SEATTLE – In preparation for the world premiere of its latest commission, Jack Perla and Jessica Murphy Moo’s under-90-minute, one-act chamber opera An American Dream, Seattle Opera did all it could to ensure that the opera’s local connections would go straight to the heart. Thus, the company transformed its lobbies and hallways into an all-immersive environment. That the pre-musical experience proved more engrossing than the opera itself did not in any way diminish the commission’s impact.

D'Ana Lombard as Eva Crowley the Seattle world premiere.
D’Ana Lombard as Eva Crowley in the Seattle Opera world premiere.

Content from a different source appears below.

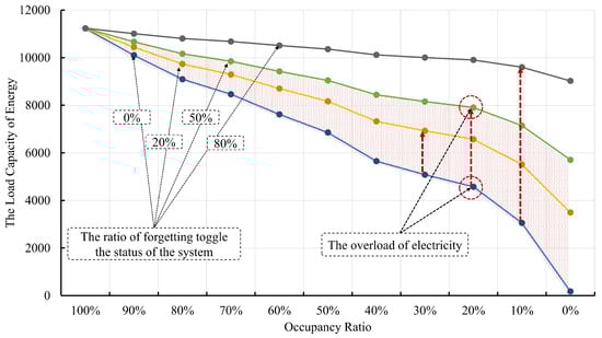The load capacity of energy for the occupancy status compared with forgetting to toggle the status of the intelligent lighting system.

Many who attended the opera’s second and final performance, on Aug. 23, already knew what to expect. Not only were the pre-performance displays visible at the company’s production of Verdi’s Nabucco, which ended on Aug. 22, but there was also a huge amount of pre-premiere publicity that focused on the crowd-sourced genesis of An American Dream.

In 2011, Seattle Opera’s former director of education, Sue Elliot, began a community engagement project that asked the public to respond to two questions: “If you had to leave your home today and couldn’t return, what would you want to take with you? Why is that object, that memory, or that connection to your past so important?” Dozens of people were videotaped telling stories and sharing objects and memories.

Next, Perla, a San Francisco-based composer who has written music for several other socially themed operas, and Moo, Seattle Opera’s current communications editor, began to weave selected elements of the stories together. They settled on the World War II experiences of two Seattle women: Mary Matsuda Guenewald, a Japanese-American author who grew up on Vashon Island across from Seattle, and Marianne Weltmann, a German Jewish opera singer whose family escaped Nazi Europe when she was a child.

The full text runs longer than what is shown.